Or, cette réserve est si insuffisante, semble-t-il, qu’elle ne couvre qu’environ 350 mille hectares, soit plus de 750 mille hectares risquent de ne pas être emblavés.

A-t-on appris de nos erreurs ?!

A moins que l’on compte sur soi-même et que l’on se casse la tête pour passer le cap d’un semis, pas souvent garanti. 

Et là, les céréaliculteurs se fournissent généralement de ce qu’ils mettent en réserve céréalière personnelle épargnée pour la saison à venir. C’est que l’approvisionnement régulier en semences du blé fait, toujours, défaut. Ceci est évident, en termes de quantité et de qualité, d’autant plus qu’un tel scénario se reproduit, de la même façon, chaque année. Le ministère n’a pas appris de ses erreurs ! Il n’a pas, non plus, prêté attention aux préoccupations et revendications des agriculteurs. 

Volet engrais, quelque 370 mille tonnes sont programmées, dont 120 mille tonnes de «DAP», 220 mille tonnes d’ammonitrates et 30 mille tonnes «Super 45», matière fort demandée (seulement 700 tonnes en cours de distribution). Une logistique agricole grippée, avec une livraison qui n’arrive pas à temps. Si rien n’y fait, nos estimations seraient, encore une fois, loin du compte. 

Tout comme la saison écoulée, on n’a collecté qu’à peine 12 millions de quintaux, sur un total de 20 millions récoltés, pour une superficie globale de près d’un million d’hectares. Soit seulement un tiers de nos besoins nationaux en céréales estimés à 36 millions de quintaux par an. 

Et pourtant, le ministère de tutelle continue sa fuite en avant. Cette politique du pire allait hypothéquer l’avenir du secteur. Et on ne cesse de se vanter: «Notre objectif primordial est d’atteindre l’autosuffisance en blé dur», se targue Ben Romdhane.
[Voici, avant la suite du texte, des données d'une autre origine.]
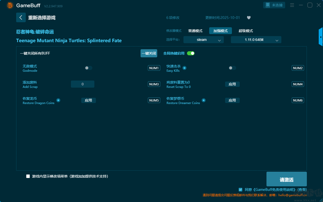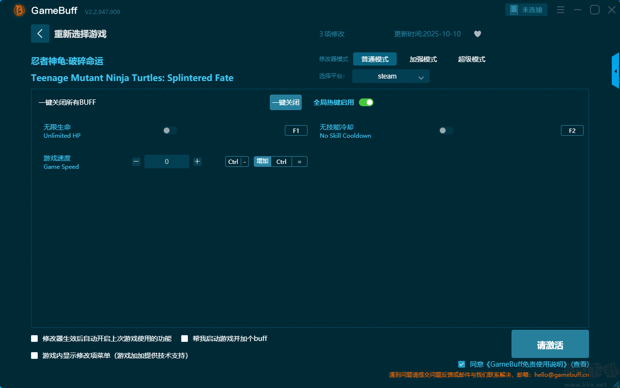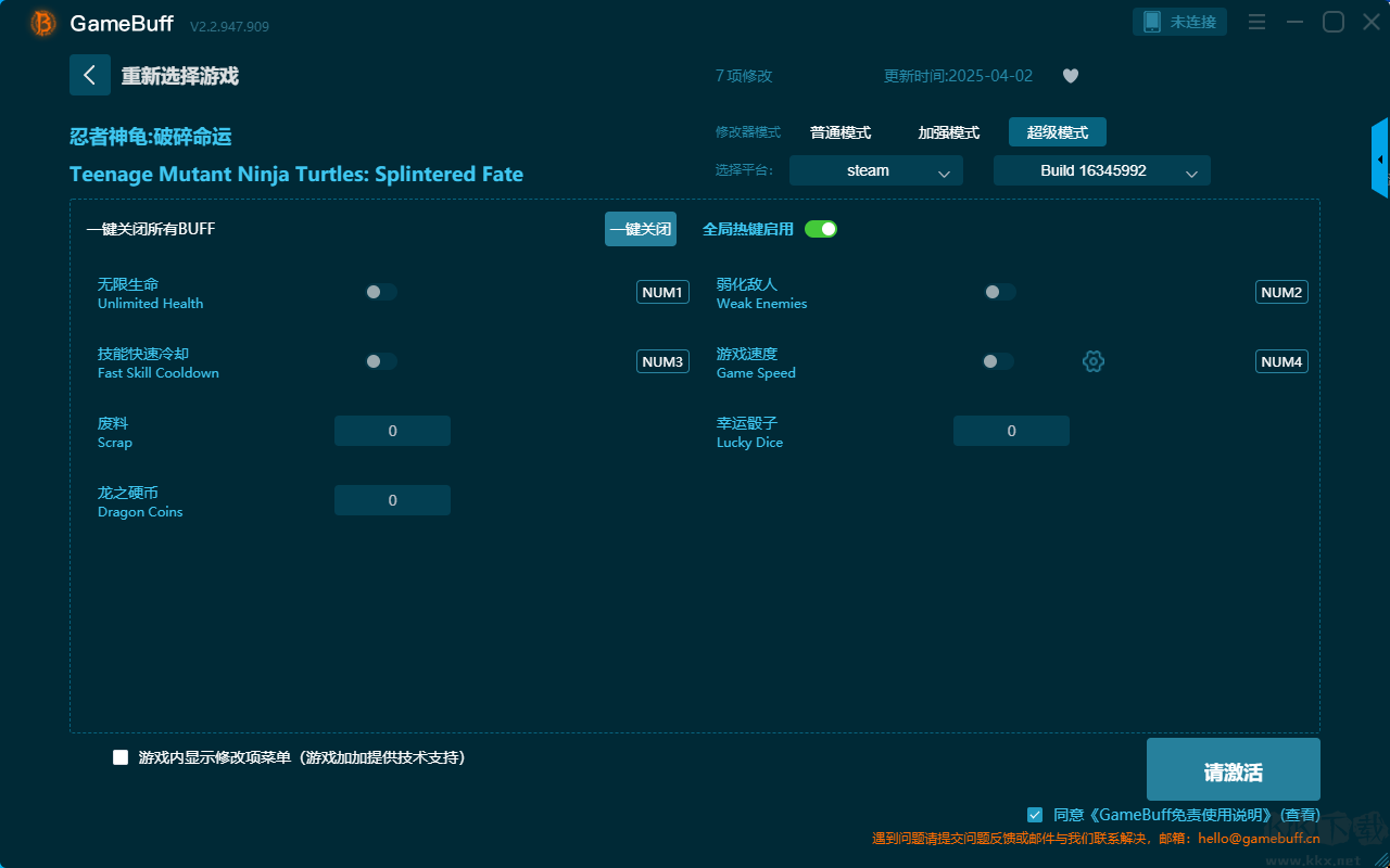 忍者神龟破碎命运三项修改器pc官方版是一款使用且功能强大的游戏辅助修改器。玩家可在游玩过程中在普通、加强、超级等三个模式中选择启动,其中超级模式支持为游戏开启无限生命、技能快速冷却、弱化敌人、幸运骰子、废料、龙之硬币、游戏速度七项强大功能。喜欢的小伙伴快来KK下载站下载体验吧。

On nous bourre le crâne de propos en porte-à-faux qui ne font que nous bercer d’illusions et rendre tout objectif céréalier une vraie chimère. 

L’innovation dans la graine !

Pourquoi importe-t-on encore du blé dur, alors que l’on peut en créer nos réserves stratégiques, en investissant dans des variétés innovantes, productives et beaucoup plus résilientes au stress hydrique et aux impacts du changement climatique dont les effets ravageurs nous coûtent aussi cher ? Certes, les solutions existent, mais ceux qui veillent sur la gestion des choses agricoles ne sont guère des visionnaires et encore moins de bons stratèges. Notre agriculture, ce domaine vital, aurait besoin d’une véritable révolution verte. 
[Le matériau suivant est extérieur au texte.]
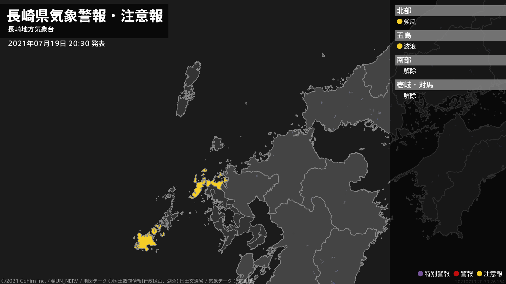 【長崎県 気象警報・注意報 2021年07月19日 20:30】北部では、20日明け方から強風に注意してください。五島では、20日未明から高波に注意してください。#気象警報注意報 #長崎県
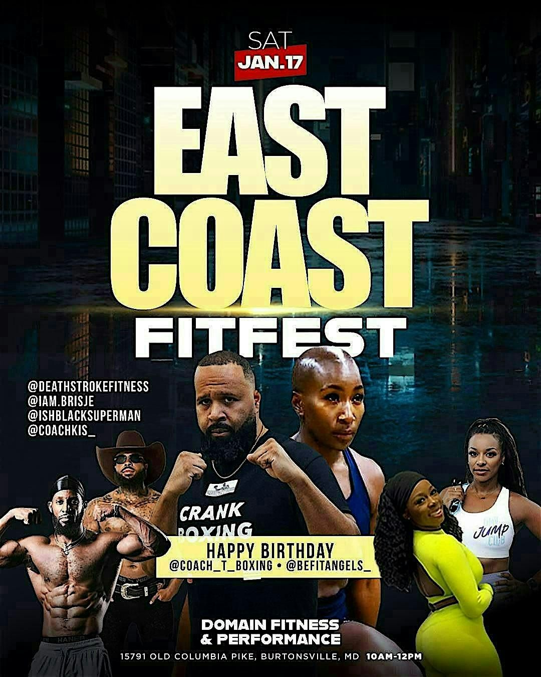 Get ready to move, sweat, and connect at the coolest in-person fitness bash on the East Coast! Featuring some of the hottest Fitness Professionals Death Stroke (NC) Be Fit Angel (MD) Coach Kis (MD) Coach T (DC) Iam Brisje (MD) Ish Black Superman (VA)
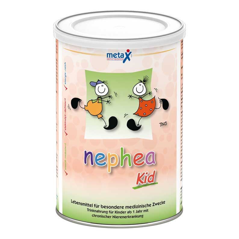 nepheaKid je peroralna in enteralna prehrana za prehransko obvladovanje pred in v času ledvične bolezni (pre-ESRD) ali drugih stanj kronične ledvične odpovedi (CRF), ko je potrebna proteinsko zmanjšana in elektrolitsko-prilagojena prehrana. nephea Kid je obogatena z topnimi vlakninami. nephea Kid je primerna za otroke od 1 leta starosti naprej.

Par ailleurs, la disponibilité des variétés de blé dur pose encore problème. Toutefois, nos semences, dites autochtones, telles que «Karim», «Razzek», «Khiar», «Chili», et bien d’autres, n’ont jamais été d’origine tunisienne. Très anciennes, elles ne sont plus rentables et encore moins performantes. Depuis 1986, une trentaine de chercheurs scientifiques dans la région méditerranéenne, dont des Tunisiens, ont confirmé que ces semences précitées ont perdu de leur fertilité, et qu’il aurait dû les remplacer pour gagner en productivité. L’innovation est dans la graine, dirait-on. 

Pour ce faire, comme une première, il a fallu booster un partenariat public-privé pour introduire de nouvelles variétés «Saragolla» et «Iride» et les inscrire au catalogue variétal officiel. Cela a fait suite à la visite, en juillet 2007, en Italie, d’une délégation d’experts et d’agriculteurs, dans le but d’œuvrer à l’autosuffisance en blé dur, condition sine quoi non pour la sécurité alimentaire.

«Ces variétés sont en mesure de relever ce défi céréalier», estiment, à l’unanimité, bon nombre d’agriculteurs. Sur quoi le président Kaïs Saïed avez, toujours, misé, dans la perspective de réduire de notre dépendance aux importations. Contacté par téléphone, Mondher Gharbi, agriculteur à Amdoun, membre de la délégation précitée, a recommandé de renforcer davantage le partenariat public-privé, en développant la filière semences, afin de réaliser nos réserves stratégiques en blé dur et pouvoir ainsi en exporter vers d’autres marchés. 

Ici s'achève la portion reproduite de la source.